Search This Blog

Wednesday, March 16, 2011

Designing in Supportability

This post is a bit of a rant.


I'm not continually amazed by what I'm about to describe - because I have seen it too often.  What I find hard to understand is why corporations continue to fall into the same trap.


And what is the trap I'm talking about?


It's failing to cost for the non-functional or operational features of a solution.  Most IT projects are either building a solution, or customising a product, to meet some business requirements. Up front, someone has prepared some form of Business Case that has demonstrated that there will be a positive return on investment - maybe even fully costed it over say 5 years and calculated that the NPV (Nett Present Value) is greater than zero.


The trouble is, most of these business cases tend to not adequately cost in the non-functional aspects of operating the solution once it goes live.


Here are some of the things that are quite often underdone or totally overlooked:


General Housekeeping
This includes the cost of operators, backups (& restores), database reorganisations, patch management, upgrades (both software & hardware), data management (like archiving), etc.


Monitoring
The level of monitoring depends on how critical the solution is to the business.  A minimum level would be that the solution is running and producing the desired results.  This may be a simple checklist performed by someone in the company at a set interval.  More critical solutions may have multiple real-time points to ensure that users are receiving the service experience desired by the business.


Help Desk
Larger organisations may have a Help Desk or a Customer Service Desk whose goal is to receive calls about service anomalies and, where possible, either fix them during the call or ensure that they gather information and pass it on to the relevant area that will resolve the issue.  In order to perform this function well, the personnel on the Help Desk need adequate training and even a list of known problems and how they can be overcome.

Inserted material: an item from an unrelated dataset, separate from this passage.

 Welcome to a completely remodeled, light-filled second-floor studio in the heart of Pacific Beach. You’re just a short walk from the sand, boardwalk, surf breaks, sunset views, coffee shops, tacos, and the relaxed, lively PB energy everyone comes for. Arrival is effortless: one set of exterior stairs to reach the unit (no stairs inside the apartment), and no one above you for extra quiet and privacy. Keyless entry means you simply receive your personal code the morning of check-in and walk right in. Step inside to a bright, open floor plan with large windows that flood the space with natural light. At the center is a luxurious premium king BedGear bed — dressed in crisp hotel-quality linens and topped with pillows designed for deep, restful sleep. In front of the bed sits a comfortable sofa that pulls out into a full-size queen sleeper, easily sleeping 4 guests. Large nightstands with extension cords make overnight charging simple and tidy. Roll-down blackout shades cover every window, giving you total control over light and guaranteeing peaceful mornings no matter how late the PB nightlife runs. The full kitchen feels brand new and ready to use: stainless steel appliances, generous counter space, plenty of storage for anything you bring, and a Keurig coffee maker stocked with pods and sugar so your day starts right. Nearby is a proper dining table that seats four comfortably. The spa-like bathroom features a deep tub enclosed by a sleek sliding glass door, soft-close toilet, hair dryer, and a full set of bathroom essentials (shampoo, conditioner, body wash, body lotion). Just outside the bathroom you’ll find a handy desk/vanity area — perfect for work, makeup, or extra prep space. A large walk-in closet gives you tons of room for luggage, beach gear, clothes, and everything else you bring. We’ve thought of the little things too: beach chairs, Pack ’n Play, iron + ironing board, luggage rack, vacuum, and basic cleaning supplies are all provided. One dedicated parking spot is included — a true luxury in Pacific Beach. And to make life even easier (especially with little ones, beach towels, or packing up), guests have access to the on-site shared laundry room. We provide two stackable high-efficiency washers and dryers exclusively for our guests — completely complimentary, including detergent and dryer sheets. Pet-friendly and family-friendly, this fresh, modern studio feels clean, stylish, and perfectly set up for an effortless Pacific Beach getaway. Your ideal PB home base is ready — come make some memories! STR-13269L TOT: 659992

Capacity, Performance, Availability
Like a stool needs three legs to provide a stable platform - so does an IT solution!


These three aspects of an IT solution are interlinked and need to be planned.  ITIL has the term "Patterns of Business Activity" or PBA.  This is where you capture the way in which the business intends to use the solution.  Different businesses will have different patterns such as:

  • daily usage profiles (peak and off-peak)
  • weekly usage profiles (weekday and weekend)
  • monthly usage profiles (start/end of month, special day of the month)
  • quarterly, half-yearly & yearly (end of calendar/tax year)

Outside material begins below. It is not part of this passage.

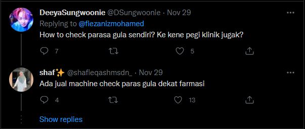 Some netizens replied to her aid explaining that you can get the machine at pharmacies or you can just go to pharmacies and ask them for a blood sugar test, in which they will charge you a certain amount.
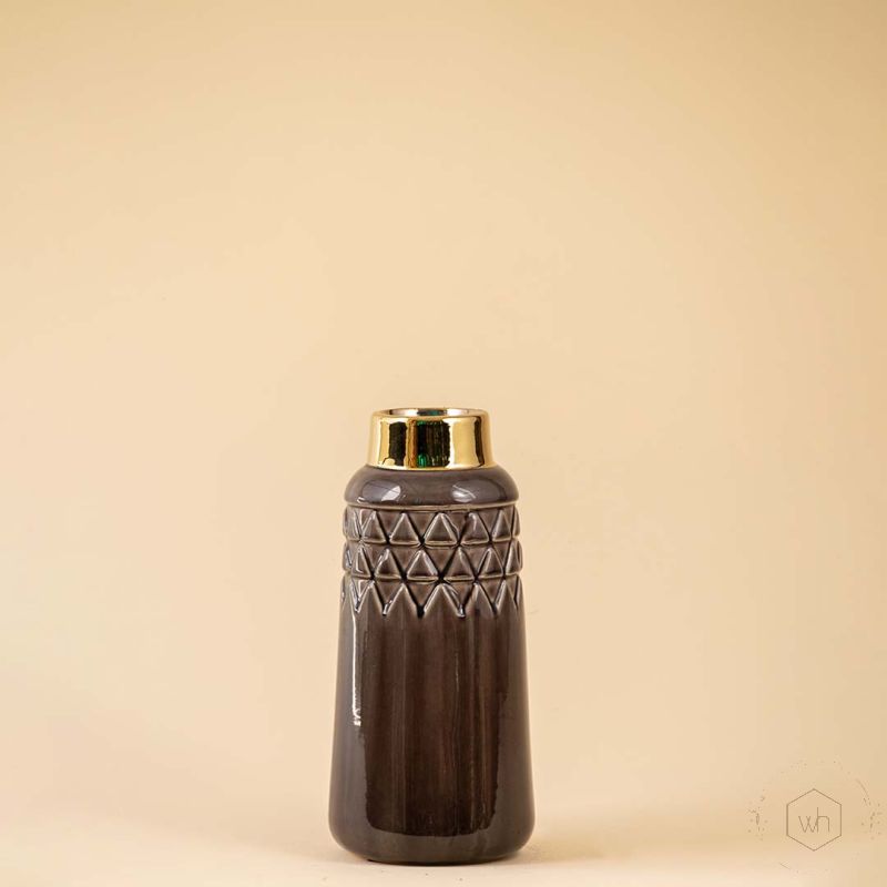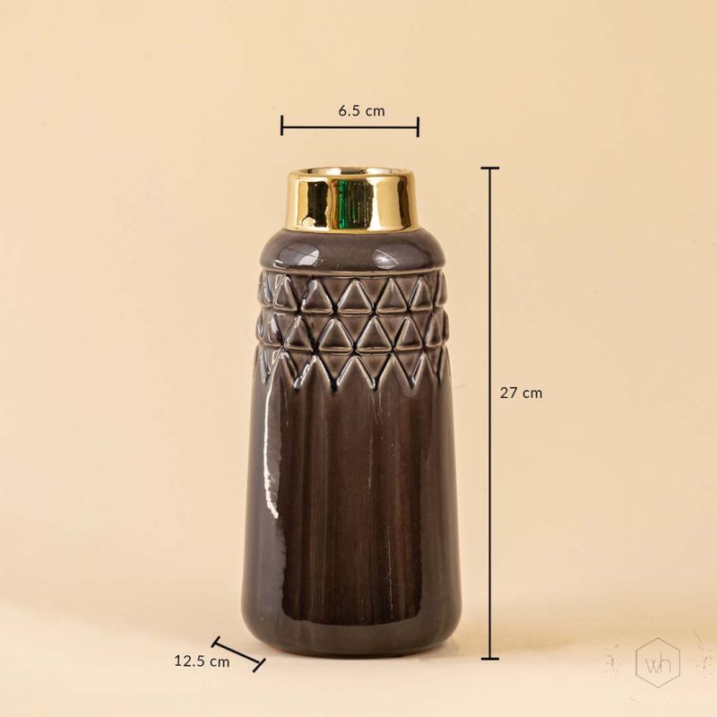 This vase is crafted from high-quality ceramic with a glossy plum brown finish and gold detailing, adding an elegant touch to any decor.

Apart from the above, you need to understand how the solution will be accessed by the intended users - local LAN, over the Internet, Mobile, etc.  What are the volumes by access method?  What response times do I require?  What are the expect transaction volume peaks?


Sometimes, the above information is not exact.  Whether it is, or is not known, prior to launching the solution for general use it is advisable to put it through a "break test".  This means you push transactions through the solution until it breaks.  Monitoring should be in place during a break test to determine where the solution will fail and what the lead indicators are.  This information is extremely useful in determining what needs to monitored to ensure the solution is operational.


WIth Capacity there are 3 main aspects to consider:

  1. BAU (Business As Usual) growth - meaning how the solution will grow in its use of IT resources without major change.  This should incorporate PBA information.
  2. IT Project growth - this may mean a once-off step change, or it may alter the BAU growth profile.
  3. Business Project growth - this is where the business runs a project without any of the IT components being changed.  A good example of such a project is where the business decides to run a marketing campaign to increase the number of applications for new accounts.

The solution's usage of the underlying IT infrastructure must be monitored and tracked, with predictive analysis ensuring that adequate resources will be in place.  The diagram below shows a simplistic view of how to calculate the predictive analysis horizon for a given resource.




There, I feel a bit better now - perhaps I'll add to this or write a supporting blog entry a bit later...